Na berma de nenhuma estrada (Mia Couto)


Ofélia e a eternidade
Afinal, o destino nos separou. Único culpado dessa pequena morte: o tempo, esse animal que defeca memórias. [...]

O fazedor re luzes
- Mas eu filha, eu existo mas não sei onde. Nessa bruma que fica lá, depois do estrangeiro, nessa bruma é que você me vai encontrar a mim, exato e autêntico. Lá fica minha residência, lá eu sou grande, lá sou senhor, até posso nascer-me as vezes que quiser. Eu não tenho um aqui. (p. 30)
[...]
Agora, deitada de novo nas traseiras da casa, eu volto a olhar essa estrela onde meu pai habita. Lá onde ele se inventa de estar com sua amada. Em meus olhos deixo aguar uma tristeza. A lágrima transgride a ordem paterna. Nesse desfoco, a estrela se converte em branco e o céu se desdobra em mar. Me chega a voz de meu pai me ordenando que seque os olhos. Tarde de mais. Já a água é toda as águas e eu me vou deitando na capulana  onde as primeiras mãos em seguraram a existência. (p. 33)

O último ponto cardeal
[...] Mas o homem lhe beija enquanto sussurra: que aquela morte não era de morrer. O simples deslize do sol para a sombra, da água para o charco. Morrer de passagem, temporariamente sem tempo. E jurou, estivessem juntos ela e ele e esse outro vindouro, para além e além. Lá onde não há nenhum ponto cardeal.


As lágrimas de Diamantina
[...] O homem, para ser humano tem que ser desumano?
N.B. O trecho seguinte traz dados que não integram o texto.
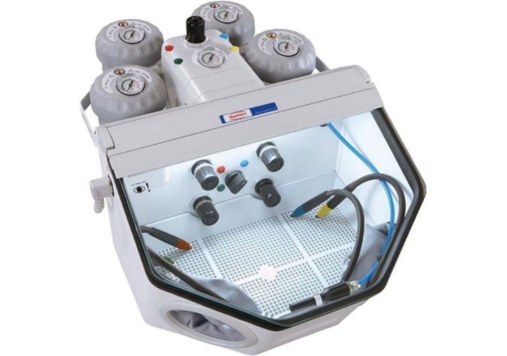 E' una mini sabbiatrice che funziona con compressori molto piccoli, quindi anche in casa, che ha un potere abrasivo limitato ma molto delicato. Ideale per modellismo, per togliere verniciature o ruggine da piccoli pezzi senza mangiare il materiale sottostante.
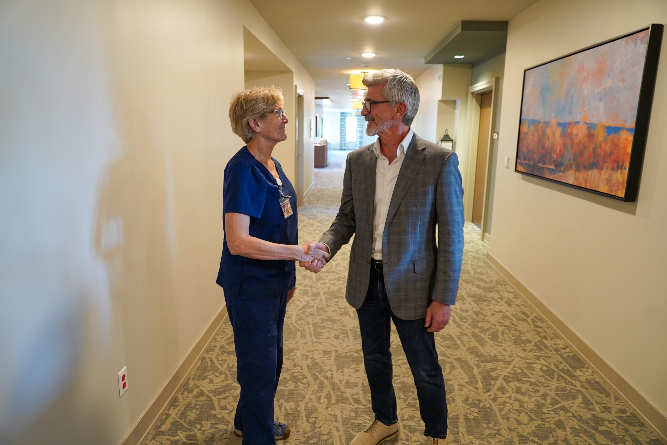Joe Lando Finds Meaning in Each Moment During Visit to Dallas Post date October 17, 2025 Before taking the stage as keynote speaker for the Each Moment Matters Luncheon (EMM), actor Joe Lando arrived in Dallas a day early to experience Forefront Living’s (FL) mission, vision and values firsthand. Best known for his role as Byron Sully on Dr. Quinn, Medicine Woman, Lando toured the T. Boone Pickens Hospice Center (TBPHC), where he gained a personal understanding of the compassionate care that defines FL. Accompanied by Forefront Living CEO Tim Mallad, Joe Lando explored the campus with several teammates: Diane Fullingim, Executive Director of the Forefront Living Foundation (FLF); Melora Hartman, Director of Clinical Services at Faith Presbyterian Hospice; Rita West, Volunteer Coordinator; Lauren Barr, Inpatient Social Worker; and Jennefer Dixon, Music Therapist. The tour began on the first floor of the TBPHC with a walk through the common areas. The group then visited a patient room and spoke with RN Educator Deanna Davies, who shared stories of her work. During the tour, Lando also had a brief meeting with a patient. The visit included a stop at the Children and Family Bereavement Center, where he met members of the FLF team and learned how they support families through loss and healing. The next day, Lando brought his message full circle during his keynote address at the EMM Luncheon. He spoke candidly about losing his home in the Pacific Palisades fire earlier this year, sharing how grief, gratitude and the kindness of friends and strangers have shaped his journey forward. His story of loss and renewal deeply moved the audience, echoing the luncheon’s theme of finding meaning and strength in each moment. Lando’s visit served as a touching reminder that compassion connects us all, whether through the care of a hospice team or the generosity of a helping hand when life takes an unexpected turn. Photos by Sarah Macias by Wendy Van Bemmel ← Older Posts Newer Posts →

O que é certo: ninguém tem ombro para suportar sozinho o peso de existir, Afinal, a vida se confirma à força de rasgão: ela dilacera logo no ato de nascer, separando mais que a própria morte. (p. 35)


A outra
[...] Mas a paixão é coisa que morre mesmo antes de se distinguir, tão sorrateira que nem lhe notamos enterro e velório. No jejum do coração quem emagrece é a alma. Até que o céu perde o cheiro, tempo não tem sabores e a vida descolora.
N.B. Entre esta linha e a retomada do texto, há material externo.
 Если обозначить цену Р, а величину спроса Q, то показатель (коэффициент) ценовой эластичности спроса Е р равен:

Na berma de nenhuma estrada
Estou aqui no sopé da estrada, à espera que alguém me leve. Um qualquer, tanto faz, Basta que passe e me leve. É meu sonho antigo: sair deste povoado, alcançar o longe. Até já cansei este sonho. Meu tio sempre me avisou: não durma perto da estrada que as poeiras irão sujar seus sonhos. E aconteceu. Mas eu, nem se acredita, eu sempre gostei de poeira porque me traz a ilusão dos caminhos que não conheço.
[...] Lembro de tudo isto hoje e me parece despedida, agora que escurece diante de tudo e é noite fora e dentro de mim. [...]


O assalto
[...] Afinal, no crime como no amor: a gente só sabe que encontra a pessoa certa depois de encontrarmos as que são certas para os outros.

O escrevido
A vida é estrada andando sobre o pé do tempo. Bernardinho não era nem pegada nem caminho. Viver não era seu verbo. Ele apenas ficava. Como pedra a espera de ser casa. Fazia de despropósito: esperava pelo enrolar dos acontecimentos. E se nada nunca sucedesse, ele se deixaria ficar como molde para outra existência.
[...]
Porque a janela é da casa o que não é, o vazio onde ela sonha ser mundo. [...]

A adivinha
[...] Passava a idade e a filha demorava a aprender o regime da realidade. Que há deveres, e as contas do ter e haver. E o ser é apenas aresta do que resta.